If I talk about meditation constantly, it’s only because it really does change everything, or rather it changes how I experience everything. There will always be craziness in the world, but meditation and yoga have given me the only way I know how to effectively cope with it. It’s more effective than medication; more effective than drugs; more effective than any therapist, doctor, or bitching session.

I really and truly believe that everyone should learn to meditate, but sometimes just sitting down to start is HARD. Your mind races around. Your back or your knees might hurt. You get bored. You make a grocery list or get up to check the mail. After years of being told to meditate by every yoga teacher or spiritual leader I met, I still didn’t want to do it. It took me a LONG time.

If, like me, you can’t bring yourself to sit down and meditate, do this first:

List 10 things you’re thankful for. Do it every day for 40 days. Or just do it for a week. Whatever you can do. 

When you get into more advanced practices, there start to be more expectations about doing meditations or exercises for a certain number of days or minutes.
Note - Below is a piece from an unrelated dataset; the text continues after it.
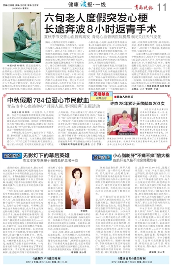 中秋假期,青岛市中心血站举办了“月圆人圆,事事圆满”主题活动,迎来了广大献血者的积极参与,节味十足。大家在献血后纷纷抽取爱心卡,写下自己的节日祝福,贴在祈福书上,有对家人的关爱,有对朋友的祝愿,也有对陌生人的祝福。在血站机采大厅,青岛市“献血状元”李鸿波,百次献血者徐光发、杨升,“热血公仆”马仁山和他的妻子等纷纷来打卡。9月16日,“熊猫侠”石强来到胶州宝龙献血屋捐献全血2单位,累计捐献全血量达到了1万毫升。自2010年以来,石强坚持献血25次,每次得知临床急需“熊猫血”,他都会第一时间响应。在莱西月湖广场献血屋,崔先生顺利完成第4次献血,妻子带着不满一岁的女儿陪在身边为他加油鼓劲。董晓华带着刚上一年级的儿子来到莱西献血服务部,再次捐献血小板2个治疗量。

There are plenty of great reasons for that, but when you’re just starting out, just do whatever you can, and the benefit will come.

Practicing gratitude isn’t some kind of hippy, new-age nonsense. It’s good for everyone. Just pause to remember all the good and miraculous things in your life (like the fact that you exist, which is pretty rad when you think about it), and write them down if you can spare the time to do so. You’ll likely notice that as you start to think in terms of gratitude, you have more things to be thankful for.